Alexandre Sayad reforça essa ideia ao afirmar que o conceito deve resultar em cidades “voltadas para o ser humano e para o bem-estar”, onde a tecnologia serve à vida e não o contrário. É uma visão que prioriza “o acesso à cultura, à educação, ao trânsito, à mobilidade, à sustentabilidade ambiental e aos direitos humanos básicos”.
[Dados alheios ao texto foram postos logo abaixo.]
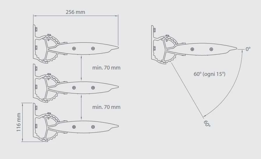 - Possibilità di regolazione delle lamelle da 0° a 60° (a intervalli di 15°)
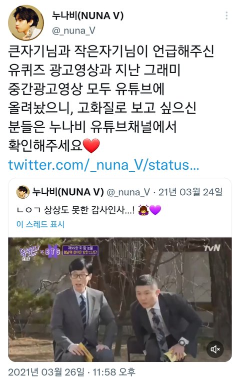 2021년 유퀴즈 출연때도 뷔팬들 티비 광고 사서 유재석이랑 조세호도 언급했었잖아ㅋㅋㅋㅋ
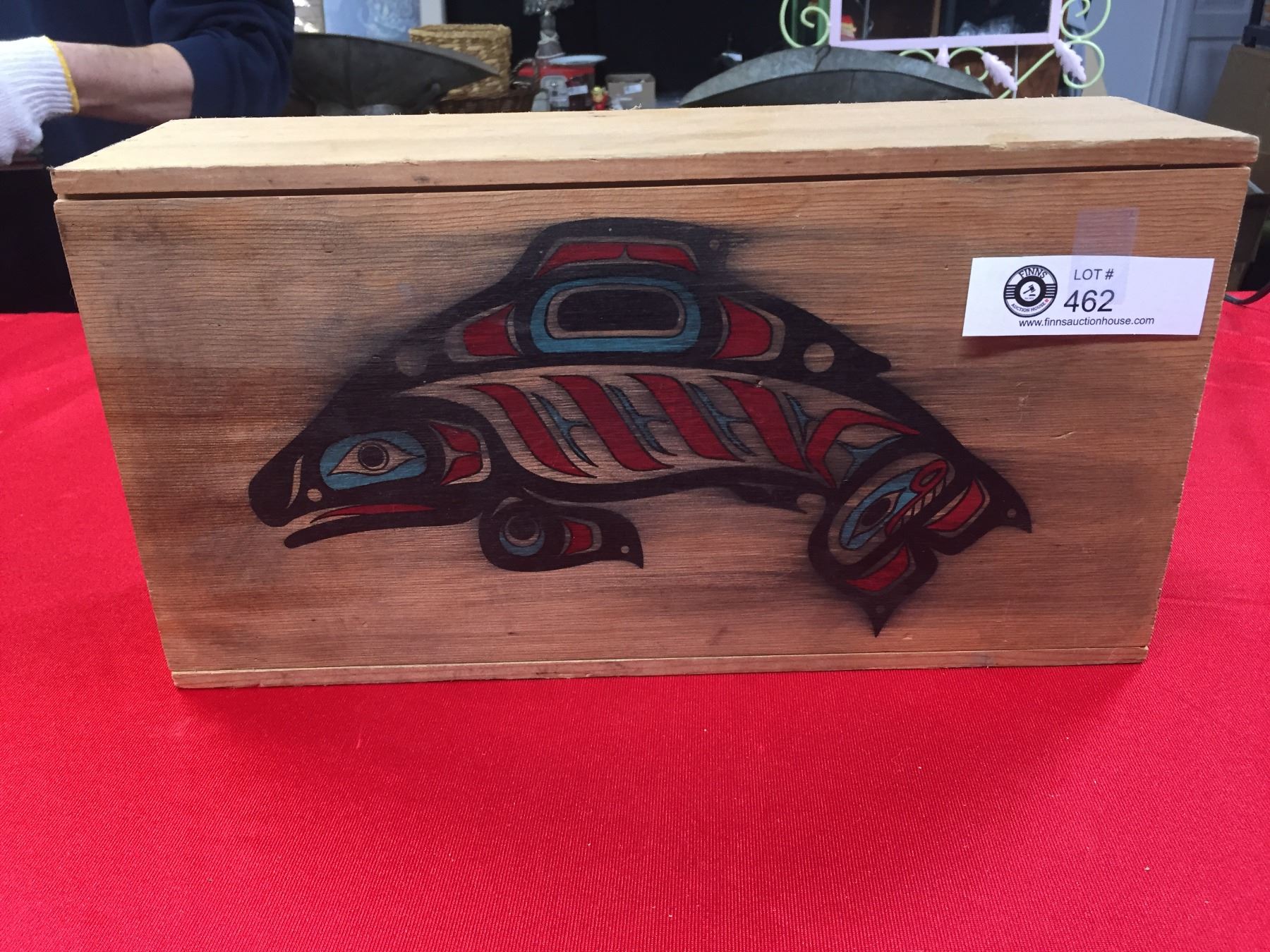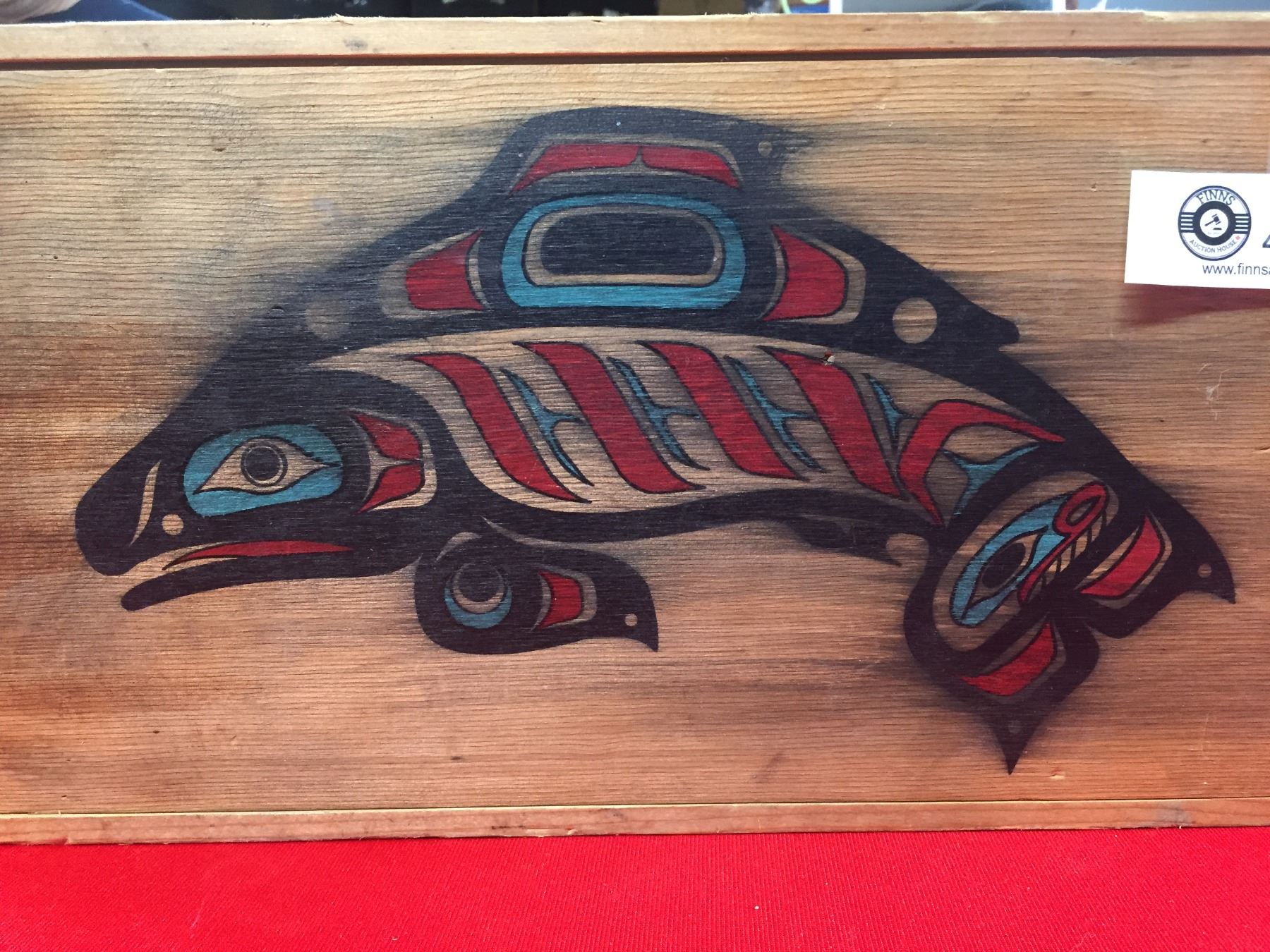 A Native Salmon Picture on a Wooden Box. New. 16" w x 8" h x 4.5" Thick

Mais do que um novo modelo de gestão, o conceito de Cidades MIL propõe uma mudança profunda na forma de conceber o espaço urbano latino-americano. Como demonstram as diretrizes da Unesco e o trabalho dos pesquisadores brasileiros e de outros países, trata-se de reconhecer e potencializar a multiplicidade já existente, criando cidades simultaneamente físicas e digitais, tecnológicas e humanas, locais e globais.
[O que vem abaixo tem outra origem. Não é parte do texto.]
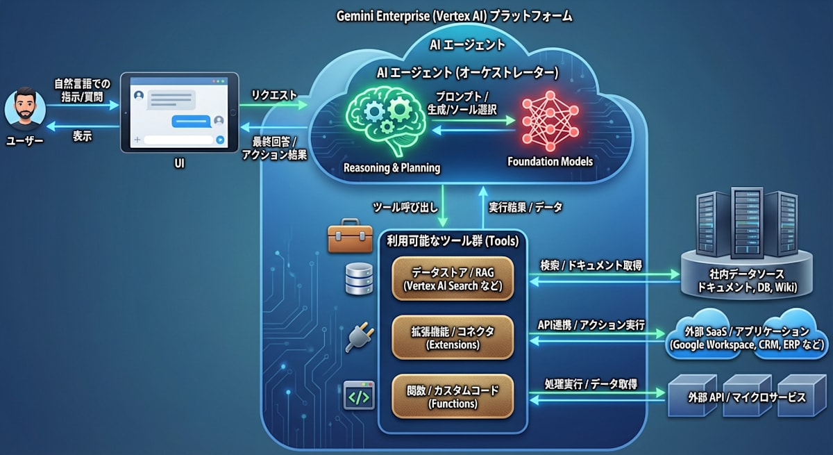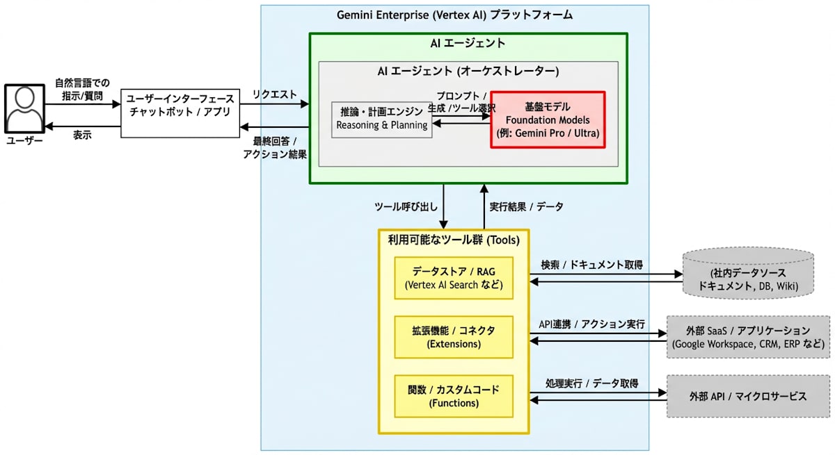 subgraph "Gemini Enterprise (Vertex AI) プラットフォーム":::platform
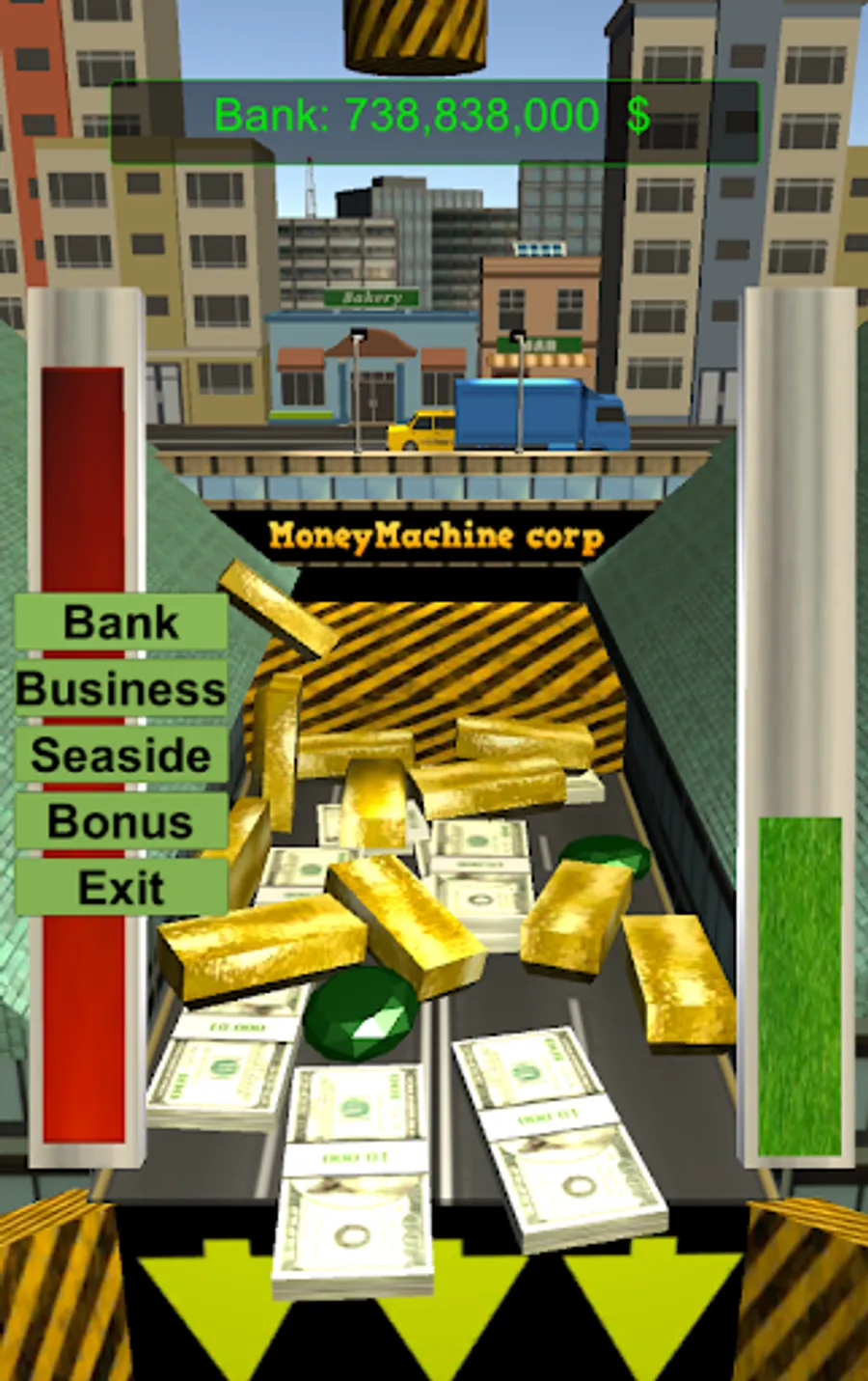 Each business unlock new treasure. At first would be thick money packs. Money rain starts, cash dozer push income and then collect gaming money. Further would be much more expensive treasure as a gold bars, gems and other.
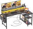 Gaming Desk with Power Outlets and LED Lights, 47 Inch L Shaped Computer Desk
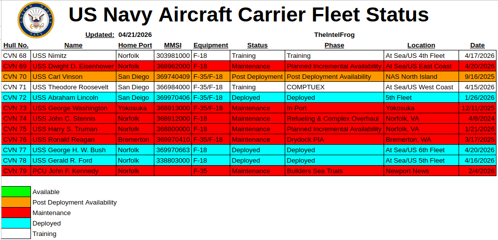 US Navy Aircraft Carrier Fleet Status Update: Deployed: -USS George H.W. Bush (...
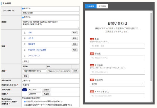 フォーム項目や入力例だけでなく、フォーム入力後の完了画面やメールも自由に設定できます。 作成したフォームはWebサイトに埋め込んだり、URL化して共有することもできるので、自社の運用に合わせてご活用いただけます。
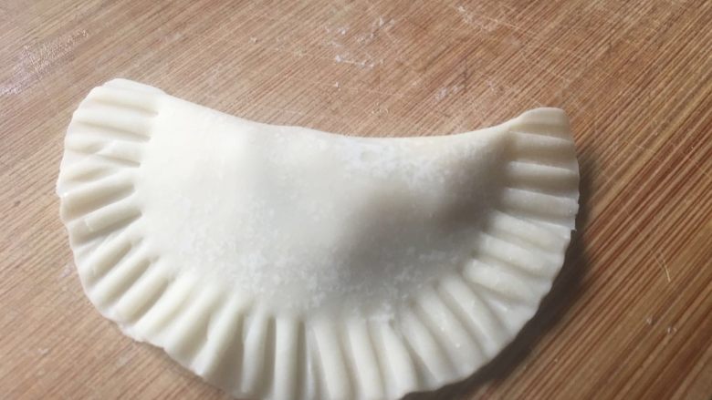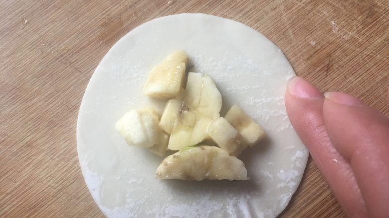 11. 另取一个饺子皮,放入香蕉,折叠(不要放太多香蕉免得合不上,或者撑破饺子皮);

A consolidação desse paradigma dependerá da capacidade de articular diferentes setores, superar fragmentações administrativas e, sobretudo, recolocar o cidadão no centro de todas as decisões. Afinal, as Cidades MIL já estão entre nós, como nas práticas cotidianas de milhões de latino-americanos que, mesmo sem saber, reinventam a vida urbana todos os dias. O desafio agora é reconhecê-las, legitimá-las e amplificá-las, construindo futuros verdadeiramente inclusivos e participativos.